What to do when prediction accuracy is not possible

I've written an article before.

There is also the basis for improving accuracy.

Usually, when the prediction accuracy is poor, the following is what to try.

When overfitting

・Collect more training data

・Reduce feature n

Increase the regularization coefficient λ

When underfitting

Increase the feature n

・ Add higher-order features

・Reduce the regularization coefficient λ

Environment

・WSL2

・Jupyter Notebook

* The person who sent it was a Colab environment, so it seems that there is no problem with Colab

Source code sent to you

I want you to improve the accuracy of your predictions.

The actual source code was sent to me.

Let's decipher the source code first.

The information is open and for study, so I don't think there is any problem in disclosing it.

↓ From here

Data Preparation

Install the package

!pip install tensorflow-gpu
!pip install yfinance --upgrade --no-cache-dir
!pip install pandas_datareader

Import

import pandas_datareader.data as web
from datetime import date, timedelta
import pandas as pd
from numpy import array
from keras.models import Sequential
from keras.layers import LSTM
from keras.layers import Dense
import matplotlib.pyplot as plt 
import tensorflow as tf
from tensorflow import keras
from tensorflow.keras.layers import Dropout
import yfinance as yf
yf.pdr_override()

Get the share price of Brazilian Bolsa Barcao from 2000 to 2022

b3sa3 = web.get_data_yahoo("B3SA3.SA",start="2000-01-01", end="2022-12-31",interval="1d")
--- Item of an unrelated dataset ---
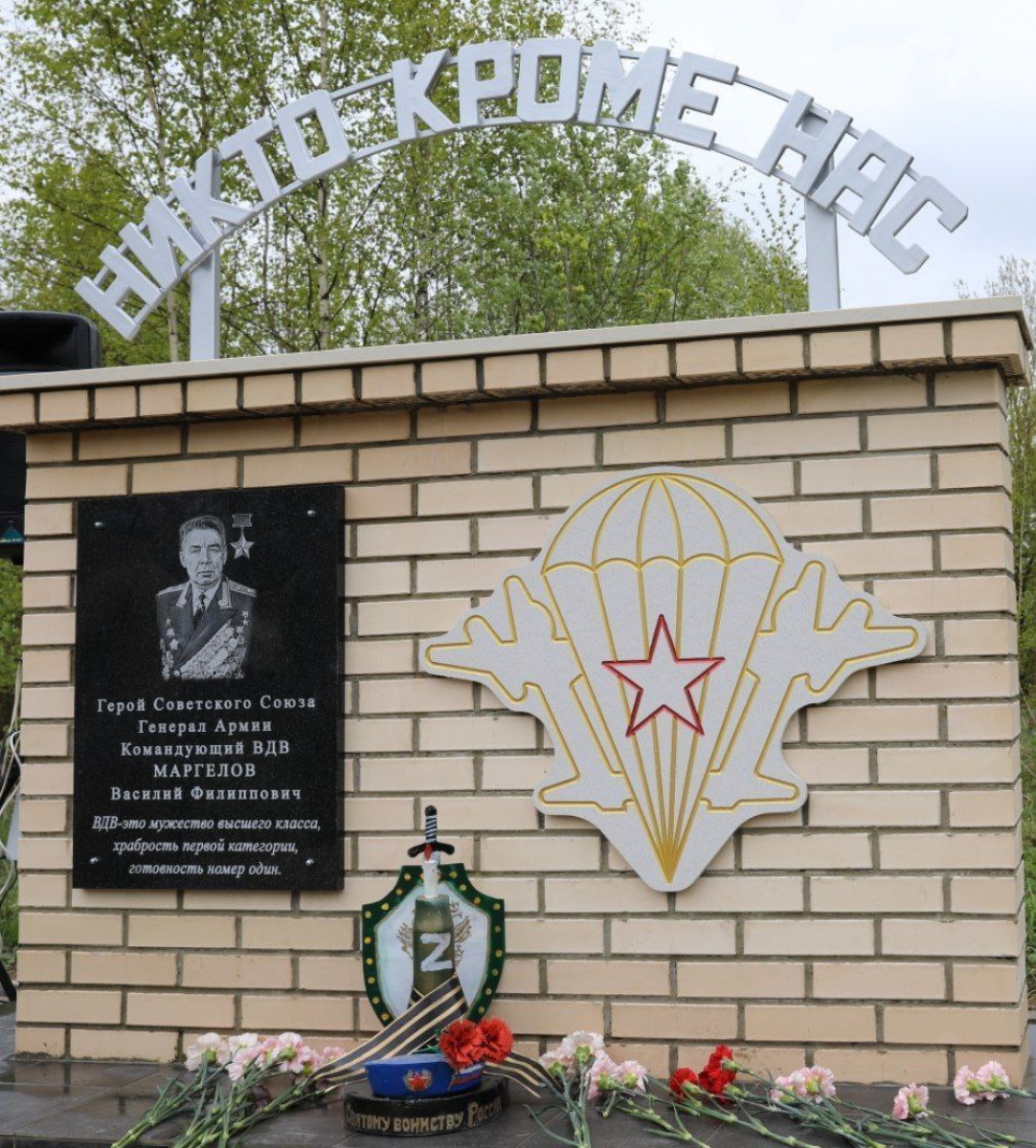 «Одним из элементов памятникам десантникам стала знаменитая фраза генерала Василия Маргелова «Никто, кроме нас!». Ещё одна часть монумента — мемориальная доска самому Герою Советского Союза Василию Маргелову», — отметил Михаил Голубев.

Set test data and boundaries

hj=date.today()
td0 = timedelta(1)
td1 = timedelta(800)
td2 = timedelta(21)
end = hj-td2
start = end-td1
yesterday=hj-td0
print(start, end, hj)
b3sa3_test = web.get_data_yahoo("B3SA3.SA",start=start, end=end,interval="1d")
b3sa3_hj = web.get_data_yahoo("B3SA3.SA",start=yesterday, end=hj,interval="1d")
b3sa3_test = b3sa3_test.tail(365)

Test

b3sa3_test

Decision boundaries in classification

b3sa3_hj

Data review for the first 5 rows

b3sa3.head()

Check the data in the last 5 rows

b3sa3.tail()

Null check

b3sa3.isnull().sum()

Data information confirmation

b3sa3.info()

In the case of two-class classification

Model

# split a univariate sequence into samples
def split_sequence(sequence, n_steps, avanco):
 X, y = list(), list()
 for i in range(len(sequence)):
 # find the end of this pattern
  end_ix = i + n_steps
  z=end_ix-1
 # check if we are beyond the sequence
  if end_ix+avanco > len(sequence)-1:
    break
 # gather input and output parts of the pattern
  seq_x, seq_y = sequence[i:end_ix], sequence[end_ix+avanco]
  e=seq_y
  f=seq_x[-1]
  faixa = ((e/f)-1)*100
  if faixa <0:
    faixa=-1
  else:
    faixa=1
  X.append(seq_x)
  y.append(faixa)
 return array(X), array(y)
# define input sequence
raw_seq = b3sa3['Close']
# choose a number of time steps
n_steps = 365
avanco = 21
# split into samples
X, y = split_sequence(raw_seq, n_steps,avanco)
# reshape from [samples, timesteps] into [samples, timesteps, features]
n_features = 1
X2 = X.reshape((X.shape[0], X.shape[1], n_features))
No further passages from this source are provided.